- Interactive map of Ponnapalle
- Ponnapalle Location in Andhra Pradesh, India
- Coordinates: 16°03′27″N 80°41′21″E﻿ / ﻿16.0575465°N 80.6890654°E
- Country: India
- State: Andhra Pradesh
- District: Bapatla
- Mandal: Cherukupalle

Government
- • Type: Panchayati raj
- • Body: Ponnapalle gram panchayat

Area
- • Total: 671 ha (1,660 acres)

Population (2011)
- • Total: 3,267
- • Density: 487/km^{2} (1,260/sq mi)

Languages
- • Official: Telugu
- Time zone: UTC+5:30 (IST)
- PIN: 522259
- Area code: +91–8644
- Vehicle registration: AP

= Ponnapalle =

Ponnapalle is a village in Bapatla district of the Indian state of Andhra Pradesh. It is the located in Cherukupalle mandal of Tenali revenue division.

== Geography ==
Ponnapalle is situated to the northeast of the mandal headquarters, Arumbaka,
at . It is spread over an area of 671 ha.

== History ==
This village was gifted by Komati Peda Vemareddy, the ruler of Kondaveedu, to a Brahmin called Ponnapalli Peri Bhaskarudu at the time of a lunar eclipse as the latter is said to have cured the ruler's son from elephantasis with his spiritual powers. Srinadha, the great Telugu poet, wrote about it in Sanskrit slokas on stone slabs and they are now preserved in the Government Oriental Manuscripts Library at Madras

A Manual of the Kistna District, in the Presidency of Madras, compiled in the year 1881-82, mentions the villages Ponnapalle and Arepalli as inam villages and the present area under Repalli Taluka. Given the presence of agraharms in these two villages, they might have been inams given to Brahmins at that time.

== Demographics==
The village is home to 3,267 people with 980 households. The population consists of 0% schedule castes and 11% schedule tribes. It has healthy sex ratio of 1018 females per 1000 male in the village. The population of this village increased by 9.6% between 2001-11.

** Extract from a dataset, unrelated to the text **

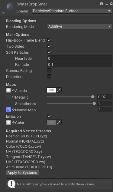 a. In the Material inspector click Apply to Systems to setup the correct custom vertex streams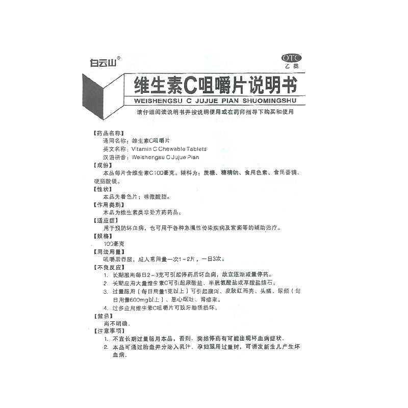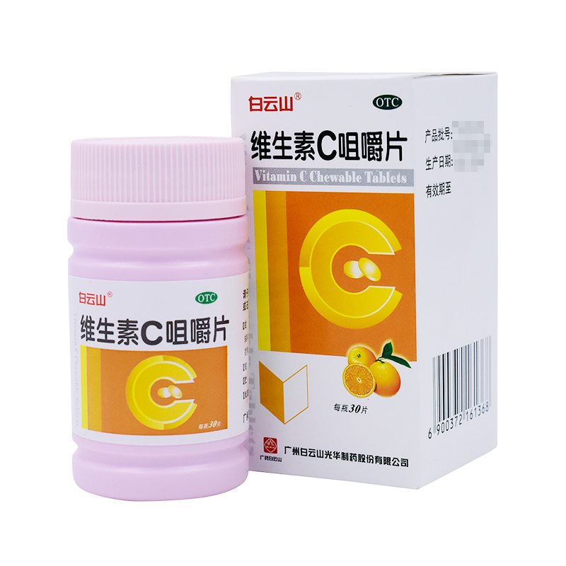 白云山 维生素C咀嚼片30片预防坏血病辅助治疗传染病紫癜香橙味vc

== Government and politics ==
Ponnapalle gram panchayat is the local self-government of the village. It is divided into wards and each ward is represented by a ward member.

== Education ==

As per the school information report for the academic year 2018–19, the village has a total of 3 schools. These schools include 1 government school, 2 Mandal Parishad and 3 private schools.